More Like This (mlt) vs query_string or multi_match

classic Classic list List threaded Threaded
4 messages Options
Reply | Threaded
Open this post in threaded view
|

More Like This (mlt) vs query_string or multi_match

Mike
What is the difference between mlt and query_string/multi_match queries?

Besides the fact that query_string goes through the query parsing process, I don't see how More Like This differs from these 2 query types.  All 3 of them allow me to specify multiple fields to search against, and boost the fields differently.  Am I missing something that mlt does differently for scoring under the covers which query_string and multi_match do differently?

--
 
 
Reply | Threaded
Open this post in threaded view
|

Re: More Like This (mlt) vs query_string or multi_match

Anil Rhemtulla
Still learning about all this myself, but I do know the MLT is quite different as it looks at terms in the source document instead of a a query_string which would only search on a few words of the document (assuming you have a non-trivial document).

This might help:
http://cephas.net/blog/2008/03/30/how-morelikethis-works-in-lucene/




On Friday, December 7, 2012 2:24:54 PM UTC-8, Mike wrote:
What is the difference between mlt and query_string/multi_match queries?

Besides the fact that query_string goes through the query parsing process, I don't see how More Like This differs from these 2 query types.  All 3 of them allow me to specify multiple fields to search against, and boost the fields differently.  Am I missing something that mlt does differently for scoring under the covers which query_string and multi_match do differently?

--
 
 
Reply | Threaded
Open this post in threaded view
|

Re: More Like This (mlt) vs query_string or multi_match

Mike
So are you saying that MLT used tf*idf for relevance scoring, while query_string & multi_match just check for the existance of the terms like in a boolean query for scoring?

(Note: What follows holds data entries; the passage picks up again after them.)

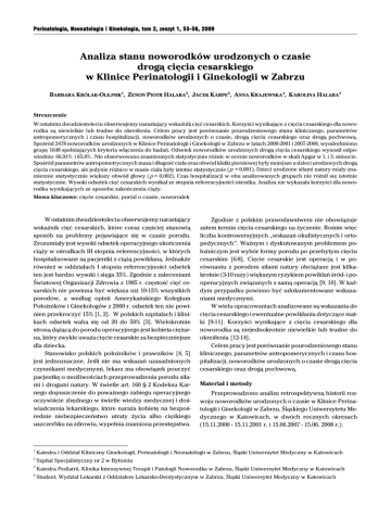 Perinatologia, Neonatologia i Ginekologia, tom 2, zeszyt 1, 53-56, 2009 Analiza stanu noworodków urodzonych o czasie drogą cięcia cesarskiego w Klinice Perinatologii i Ginekologii w Zabrzu BARBARA KRÓLAK-OLEJNIK1, ZENON PIOTR HALABA2, JACEK KARPE3, ANNA KRAJEWSKA4, KAROLINA HALABA4 Streszczenie W ostatnim dwudziestoleciu obserwujemy narastający wskaźnik cięć cesarskich. Korzyści wynikające z cięcia cesarskiego dla noworodka są niewielkie lub trudne do określenia. Celem pracy jest porównanie pourodzeniowego stanu klinicznego, parametrów antropomerycznych i czasu hospitalizacji, noworodków urodzonych o czasie, drogą cięcia cesarskiego oraz drogą pochwową. Spośród 2478 noworodków urodzonych w Klinice Perinatologii i Ginekologii w Zabrzu w latach 2000-2001 i 2007-2008, wyodrębniono grupę 1648 spełniających kryteria włączenia do badań. Odsetek noworodków urodzonych drogą cięcia cesarskiego wynosił odpowiednio 66,91% i 65,8% . Nie obserwowano znamiennych statystycznie różnic w ocenie noworodków w skali Apgar w 1. i 3. minucie. Spośród parametrów antropometrycznych masa i długość ciała oraz obwód klatki piersiowej były mniejsze u dzieci urodzonych drogą cięcia cesarskiego, ale jedynie różnice w masie ciała były istotne statystycznie (p = 0,001). Dzieci urodzone siłami natury miały znamiennie statystycznie większy obwód głowy (p = 0,002). Czas hospitalizacji w obu analizowanych grupach nie różnił się istotnie statystycznie. Wysoki odsetek cięć cesarskich wynikał ze stopnia referencyjności ośrodka. Analiza nie wykazała korzyści dla noworodka wynikających ze sposobu zakończenia ciąży. Słowa kluczowe: cięcie cesarskie, poród o czasie, noworodek W ostatnim dwudziestoleciu obserwujemy narastający wskaźnik cięć cesarskich, które coraz częściej stanowią sposób na problemy pojawiające się w czasie porodu. Zrozumiały jest wysoki odsetek operacyjnego ukończenia ciąży w ośrodkach III stopnia referencyjności, w których hospitalizowane są pacjentki z ciążą powikłaną. Jednakże również w oddziałach I stopnia referencyjności odsetek ten jest bardzo wysoki i sięga 35%. Zgodnie z zaleceniami Światowej Organizacji Zdrowia z 1985 r. częstość cięć cesarskich nie powinna być większa niż 10-15% wszystkich porodów, a według opinii Amerykańskiego Kolegium Położników i Ginekologów z 2000 r. odsetek ten nie powinien przekroczyć 15% [1, 2]. W polskich szpitalach i klinikach odsetek waha się od 20 do 50% [3]. Wielokrotnie stroną dążącą do porodu operacyjnego jest kobieta ciężarna, który zwykle uważa cięcie cesarskie za bezpieczniejsze dla dziecka. Stanowisko polskich położników i prawników [4, 5] jest jednoznaczne. Jeśli nie ma wskazań uzasadnionych czynnikami medycznymi, lekarz ma obowiązek pouczyć pacjentkę o możliwościach przeprowadzenia porodu siłami i drogami natury. W świetle art. 160 § 2 Kodeksu Karnego dopuszczenie do poważnego zabiegu operacyjnego oczywiście zbędnego w świetle wiedzy medycznej i doświadczenia lekarskiego, które naraża kobietę na bezpośrednie niebezpieczeństwo utraty życia albo ciężkiego uszczerbku na zdrowiu, wypełnia znamiona przestępstwa. Zgodnie z polskim prawodawstwem nie obowiązuje zatem termin cięcia cesarskiego na życzenie. Rośnie więc liczba kontrowersyjnych „wskazań okulistycznych i ortopedycznych”. Ważnym i dyskutowanym problemem położniczym jest wybór formy porodu po przebytym cięciu cesarskim [6-8]. Cięcie cesarskie jest operacją i w porównaniu z porodem siłami natury obciążane jest kilkakrotnie (3-10 razy) większym ryzykiem powikłań śród- i pooperacyjnych związanych z samą operacją [9, 10]. W każdym przypadku powinno być udokumentowane wskazaniami medycznymi. W wielu opracowaniach analizowane są wskazania do cięcia cesarskiego i ewentualne powikłania dotyczące matki [9-11]. Korzyści wynikające z cięcia cesarskiego dla noworodka są niejednokrotnie niewielkie lub trudne do określenia [12-14]. Celem pracy jest porównanie pourodzeniowego stanu klinicznego, parametrów antropomerycznych i czasu hospitalizacji, noworodków urodzonych o czasie drogą cięcia cesarskiego oraz drogą pochwową. Materiał i metody Przeprowadzono analizę retrospektywną historii rozwoju noworodków urodzonych o czasie w Klinice Perinatologii i Ginekologii w Zabrzu, Śląskiego Uniwersytetu Medycznego w Katowicach, w dwóch rocznych okresach (15.11.2000 - 15.11.2001 r. i 15.06.2007 - 15.06. 2008 r.). 1 Katedra i Oddział Kliniczny Ginekologii, Perinatologii i Neonatologii w Zabrzu, Śląski Uniwersytet Medyczny w Katowicach 2 Szpital Specjalistyczny nr 2 w Bytomiu 3 Katedra Pediatrii, Klinika Intensywnej Terapii i Patologii Noworodka w Zabrzu, Śląski Uniwersytet Medyczny w Katowicach 4 Student, Wydział Lekarski z Oddziałem Lekarsko-Dentystycznym w Zabrzu, Śląski Uniwersytet Medyczny w Katowicach 54 B. Królak-Olejnik, Z.P. Halaba, J. Karpe, A. Krajewska, K. Halaba Z badań wykluczono dzieci z wadami wrodzonymi. Noworodki podzielono na dwie grupy: urodzone drogami i siłami natury oraz drogą cięcia cesarskiego. Oceniano: czas trwania ciąży, wiek matki w dniu porodu, punktację po porodzie w skali Apgar po 1. i 3. minucie, parametry antropometryczne (masa urodzeniowa ciała, długość, obwód głowy i klatki piersiowej ) oraz długość pobytu w szpitalu. W analizie statystycznej zastosowano pakiet Statistica 8.0 PL StatSoft Inc.(2007). Po określeniu rozkładu testem Kołmogorowa-Smirnowa próby o rozkładzie normalnym testowano testem t-Studenta, wykonano również jednoczynnikową analizę wariancji (ANOVA) i test post-hoc RIR Tukeya. Dla prób o rozkładzie innym niż normalny zastosowano test U Manna-Whitneya oraz test Kruskala-Wallisa. Wyniki przedstawiono w postaci średniej i odchylenia standardowego, mediany oraz minimum i maksimum. Liczebności w wyodrębnionych grupach porównano testem chi2. J
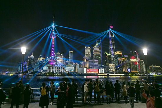 Des touristes assistent à un spectacle de lumières dans le quartier de Lujiazui dans le district de Pudong à Shanghai (est de la Chine), le 12 novembre 2020. (Wang Xiang / Xinhua)
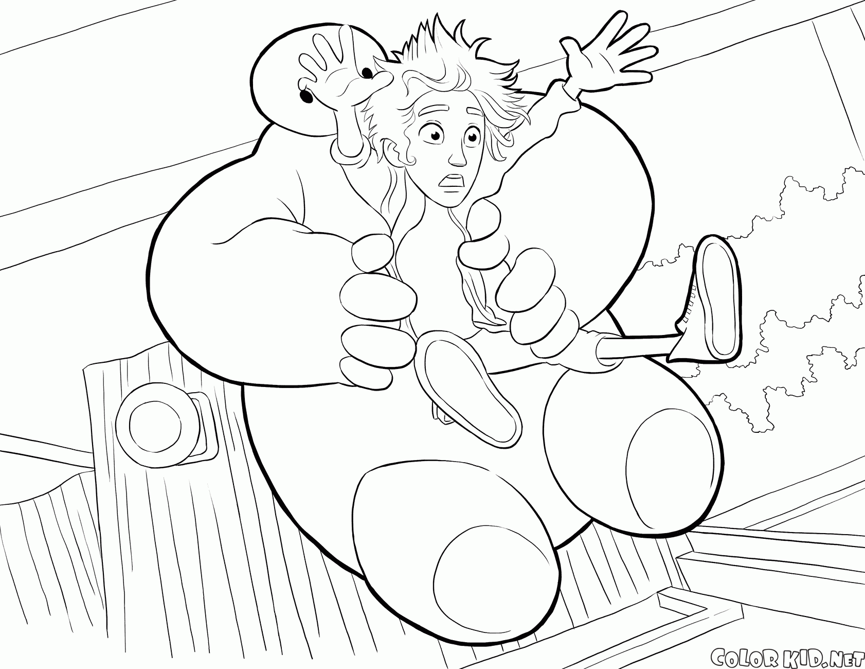 Boyama sayfası - Baymax ve Hiro aşağı uçan
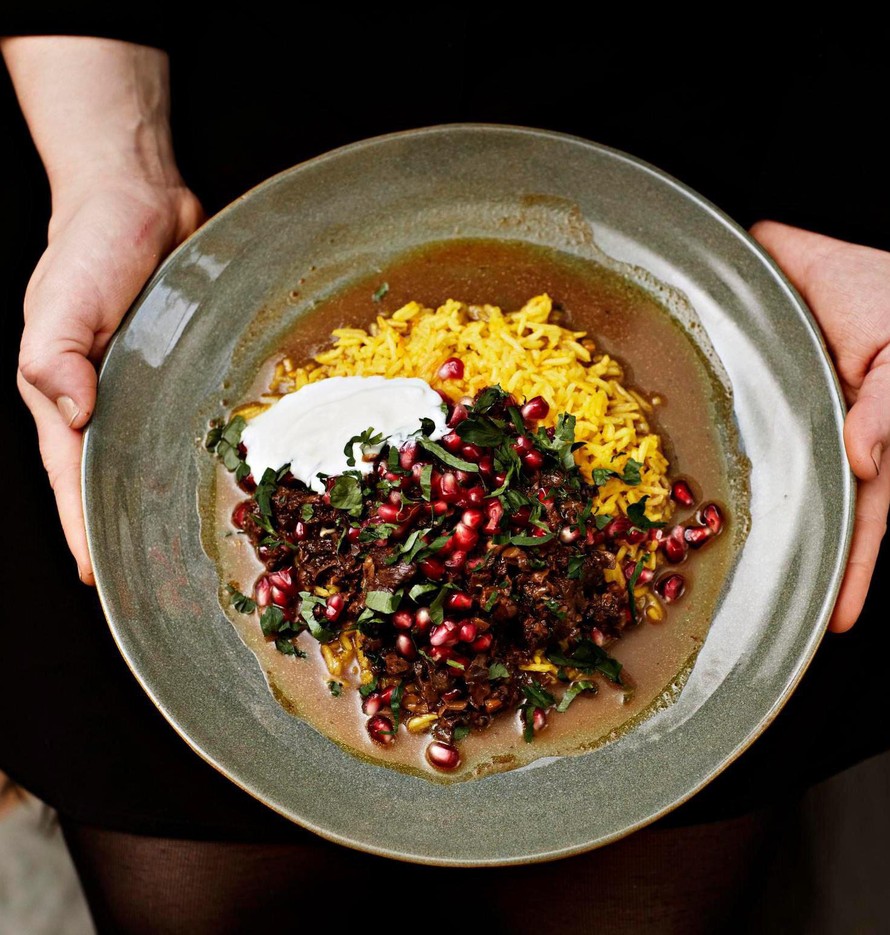Keltainen sahramiriisi, syvän tumma pata ja jalokivimäiset koristeeksi ripotellut granaattiomenan siemenet tekevät tästä juhlapöytään sopivan aterian.

I found this in the group search though, where Shay says that MLT is essentially just boolean query with all the terms in the should clause.
https://groups.google.com/d/msg/elasticsearch/QVTWA48wxcc/6sOS6huIip8J

Isn't that essentially what the other 2 queries do when you have the default operator set to OR?  If MLT is the only query that uses tf*idf, then what does query_string/multi_match do for scoring that is different?




On Saturday, December 8, 2012 12:49:26 AM UTC-5, Anil Rhemtulla wrote:
Still learning about all this myself, but I do know the MLT is quite different as it looks at terms in the source document instead of a a query_string which would only search on a few words of the document (assuming you have a non-trivial document).

This might help:




On Friday, December 7, 2012 2:24:54 PM UTC-8, Mike wrote:
What is the difference between mlt and query_string/multi_match queries?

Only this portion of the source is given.